So my wife is going through Weston Price’s Nutrition and Physical Degeneration, a must read from 1939 that still packs a hell of a punch. There are plenty of gems in it, but this one stuck out:
it is important to keep in mind that, in general, the wild animal life has largely escaped many of the degenerative processes which affect modern white peoples. We ascribe this to animal instinct in the matter of food selection. It is possible that man has lost through disuse some of the normal faculty for consciously recognizing body requirements. In other words, the only hunger of which we now are conscious is a hunger for energy to keep us warm and to supply power. In general, we stop eating when an adequate amount of energy has been provided, whether or not the body building and repairing materials have been included in the food. Page 257
It’s interesting to think about how we seemingly think more now in terms of “all food is food” and “medicinals are medicinals”, even more so than seeing food in general as nourishment over energy source. We have this implanted survivalist instinct which may come more or less from eating Store Food that is nutritionally not food.

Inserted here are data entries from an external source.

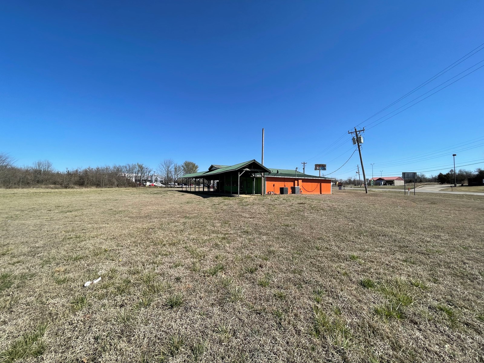 COMMERCIAL RESTAURANT BUILDING ON 1.5 ACRES FOR SALE. This 2820 sq ft BUILDING HAS A BAR AREA, WALK-IN FREEZER, OVERHEAD SMOKE VENTILATION, SHELVING, LOTS OF SEATING, and a 1380 sq ft OUTDOOR COVERED PORCH FOR DINING. LOTS OF PARKING & A GREAT LOCATION ON THE EAST SIDE OF HUGO ON HWY 70 BUSINESS.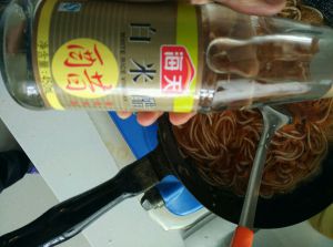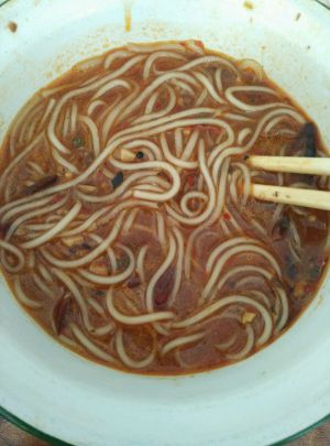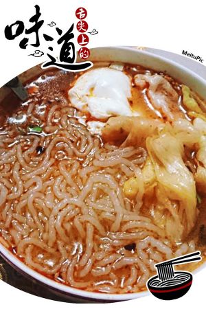 粉丝煮软后,捞到调好的酱汁里,搅拌;之后浇上汤;把菜叶放到最上面就好了 ps.当时妈咪想吃荷包蛋我就打了一个进去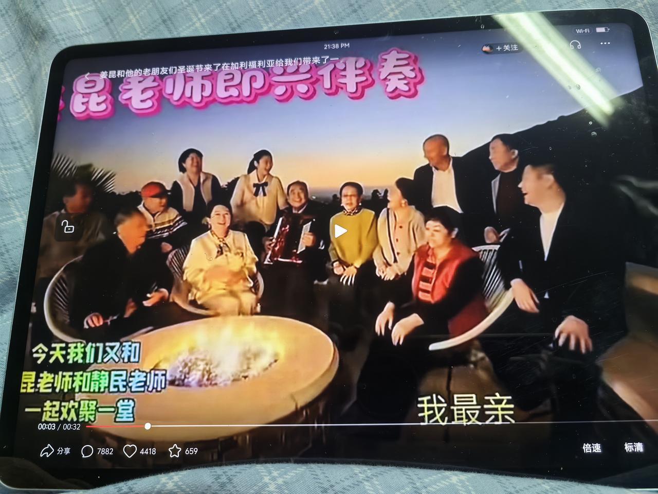 姜昆作为中国曾经的曲协主席,体系内的一级演员,德艺双馨艺术家。圣诞节在美国加州的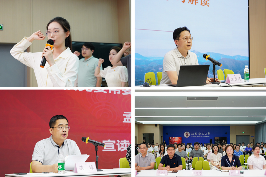 值中国共产党成立103周年之际,7月1日下午,江苏师范大学在路演大厅举办“学思践悟·凝心铸魂·知行合一”学生党员主题教育总结表彰大会暨党纪学习教育专题党课。学校相关职能部门负责人、各学院党委副书记、学生党员以及发展对象代表约120余人参加。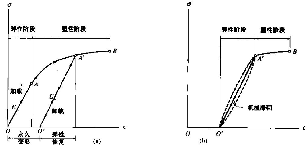 若試件為塑性材料,被加載至塑性階段后再卸載,則當(dāng)材料返回平衡狀態(tài)時,彈性應(yīng)變消失,而塑性應(yīng)變不會消失,結(jié)果材料出現(xiàn)永久變形,如圖a所示。該過程稱為應(yīng)變強化或者冷作硬化。這樣,雖然比例極限提高了,但是在一定程度上降低了塑性,增加了脆性。從圖a中可以看出,強化前后,曲線線性段的直線趨于平行,斜率相同,彈性模量相同。實際上,試件從A’點卸載,再加載至同一點會損失部分熱量或能量,因而加載和卸載過程的曲線并不重合,如圖b虛線所示,會存在一個機械滯回區(qū)。在選擇振動結(jié)構(gòu)或機械設(shè)備的阻尼器材料時,要重點考慮其機械滯回特性。

I’ve seen a tendency to carry on a lot of that survivalism into rewilding as though all calories are equal. Price’s book, in many, many instances, reminds us that this is absolutely not the case. The mores, ritual, and circumstance around wild foods that is pervasive amongst indigenous societies isn’t simply “doing what our parents did”, there is a mythos surrounding these foods and their applications, but that doesn’t mean a more literal sense of “this for that” doesn’t exist. That’s something Price drew out, possibly far better than most trained anthropologists who carried that same “all calories are equal” bias.
So I find this really fascinating. Kind of another area of the survivalism vs rewilding topic: What is the functionality of food? What do cravings tell us? How do we learn to listen?
Obviously that last point carries on ad infinitum throughout the rewilding process, but it’s important to draw it out because the things that should be obvious (what our bodies want), are the things we’ve become most adept at ignoring.